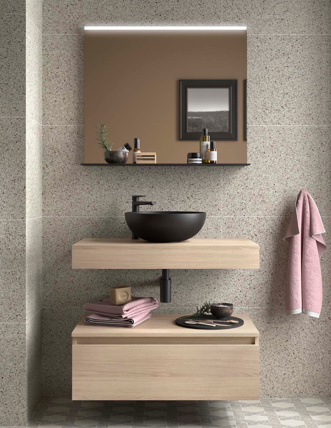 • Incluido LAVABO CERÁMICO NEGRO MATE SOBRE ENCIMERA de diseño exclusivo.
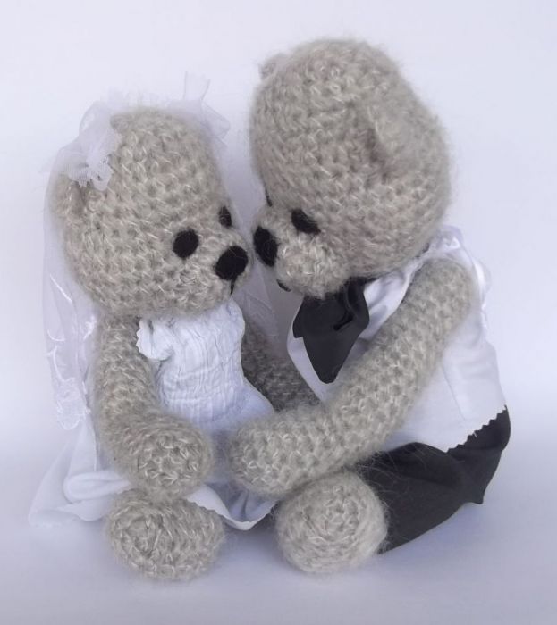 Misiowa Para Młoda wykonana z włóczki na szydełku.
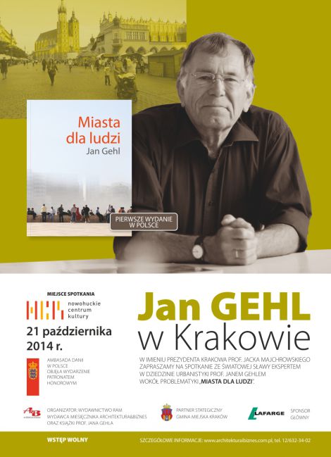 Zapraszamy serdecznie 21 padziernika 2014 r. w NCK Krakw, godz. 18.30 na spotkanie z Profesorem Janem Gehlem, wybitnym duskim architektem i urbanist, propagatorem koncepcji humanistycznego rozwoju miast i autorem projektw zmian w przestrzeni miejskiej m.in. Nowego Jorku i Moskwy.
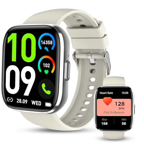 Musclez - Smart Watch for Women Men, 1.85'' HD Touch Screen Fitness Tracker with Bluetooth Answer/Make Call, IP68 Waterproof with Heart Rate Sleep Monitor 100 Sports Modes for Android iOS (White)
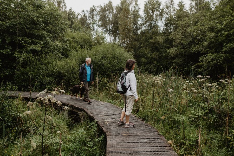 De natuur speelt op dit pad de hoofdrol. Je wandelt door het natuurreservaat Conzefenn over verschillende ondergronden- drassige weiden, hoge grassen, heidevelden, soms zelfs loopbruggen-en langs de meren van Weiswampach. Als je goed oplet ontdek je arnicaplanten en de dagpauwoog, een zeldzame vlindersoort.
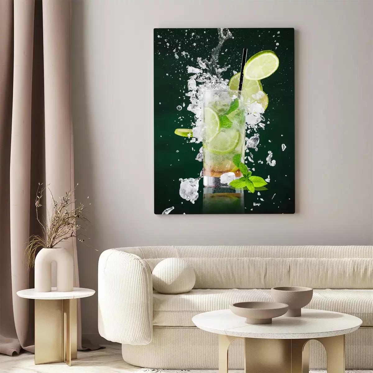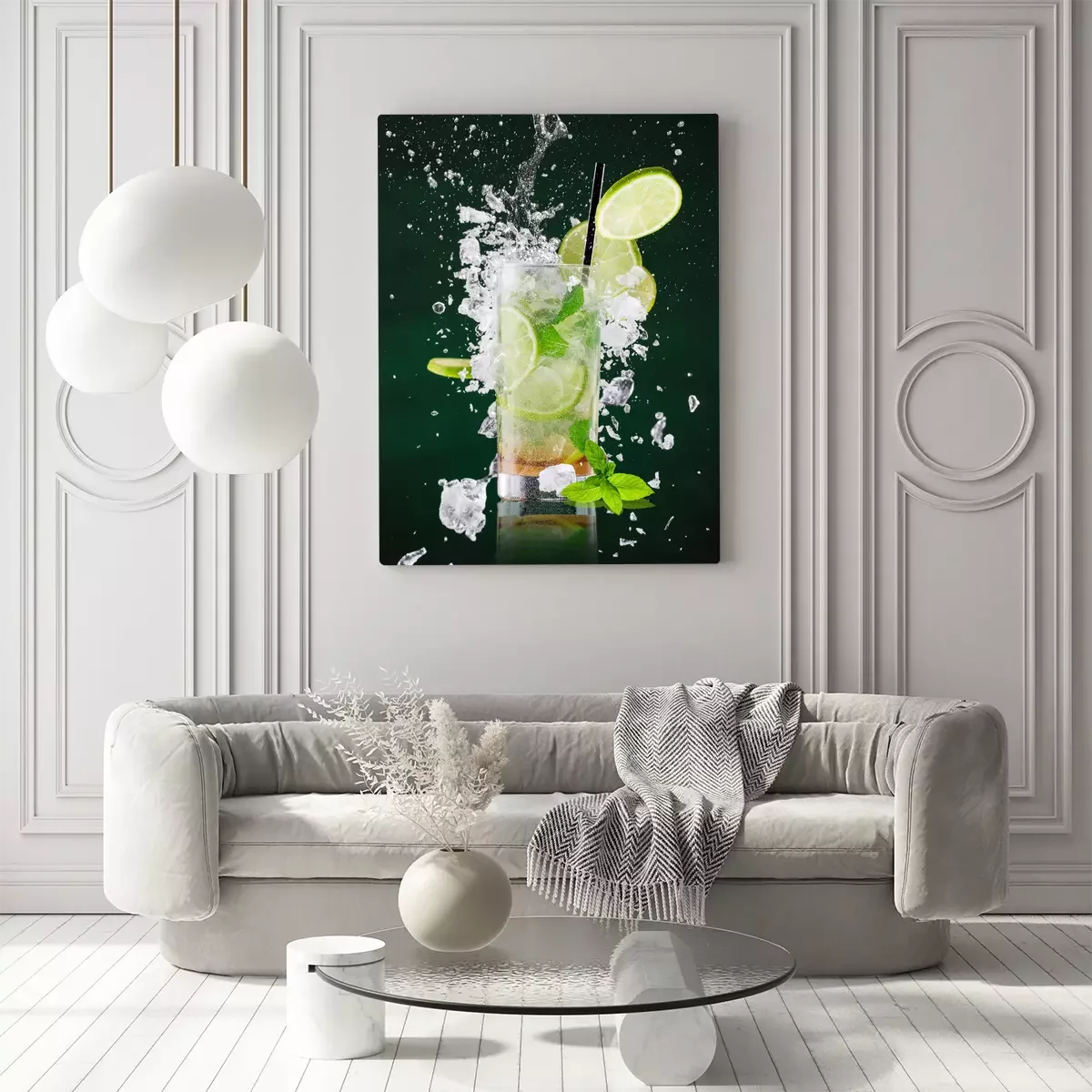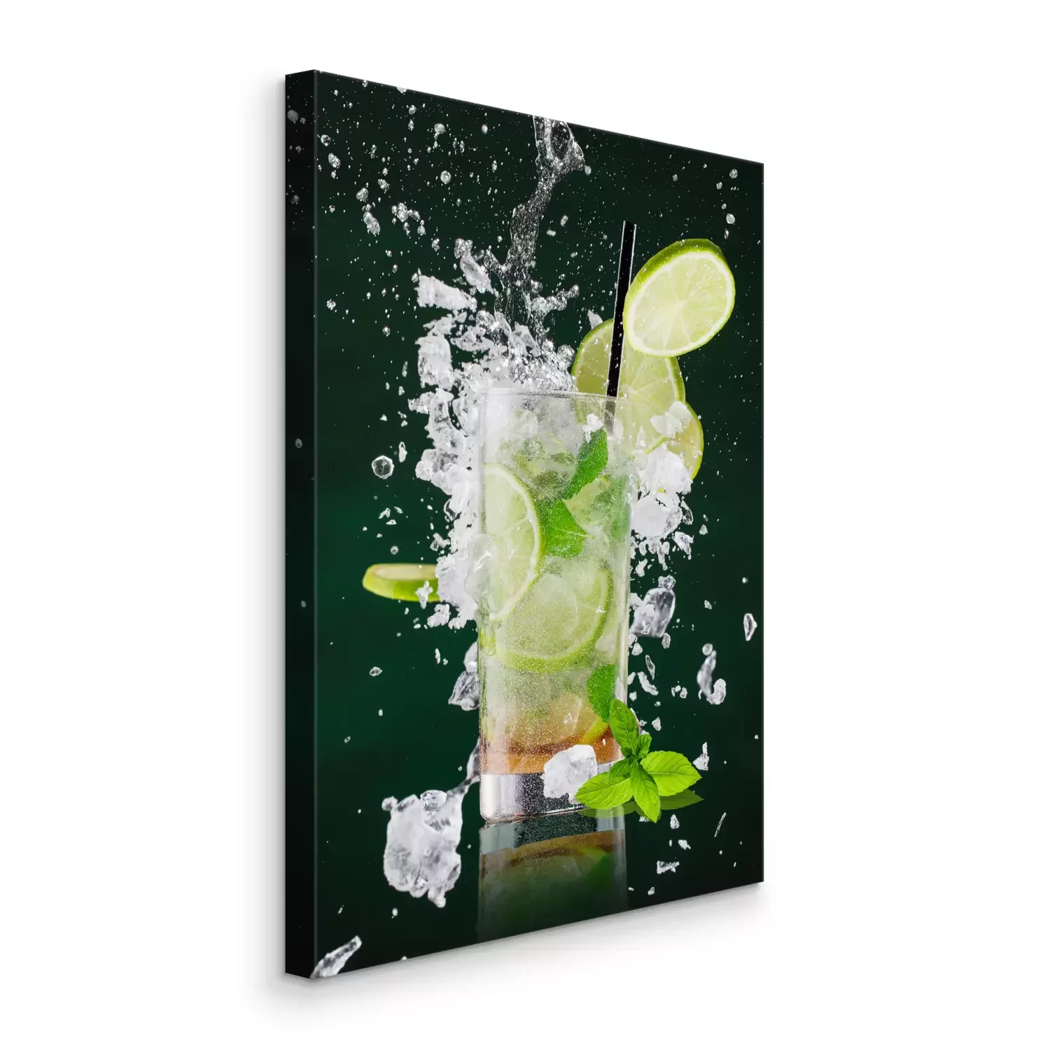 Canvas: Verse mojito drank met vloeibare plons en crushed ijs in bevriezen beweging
·····
### TASK GOAL
Give back each entry exactly as it appears, with no pictures.

### EXPECTED ANSWER
 • Incluido LAVABO CERÁMICO NEGRO MATE SOBRE ENCIMERA de diseño exclusivo.
 Misiowa Para Młoda wykonana z włóczki na szydełku.
 Zapraszamy serdecznie 21 padziernika 2014 r. w NCK Krakw, godz. 18.30 na spotkanie z Profesorem Janem Gehlem, wybitnym duskim architektem i urbanist, propagatorem koncepcji humanistycznego rozwoju miast i autorem projektw zmian w przestrzeni miejskiej m.in. Nowego Jorku i Moskwy.
 Musclez - Smart Watch for Women Men, 1.85'' HD Touch Screen Fitness Tracker with Bluetooth Answer/Make Call, IP68 Waterproof with Heart Rate Sleep Monitor 100 Sports Modes for Android iOS (White)
 De natuur speelt op dit pad de hoofdrol. Je wandelt door het natuurreservaat Conzefenn over verschillende ondergronden- drassige weiden, hoge grassen, heidevelden, soms zelfs loopbruggen-en langs de meren van Weiswampach. Als je goed oplet ontdek je arnicaplanten en de dagpauwoog, een zeldzame vlindersoort.
 Canvas: Verse mojito drank met vloeibare plons en crushed ijs in bevriezen beweging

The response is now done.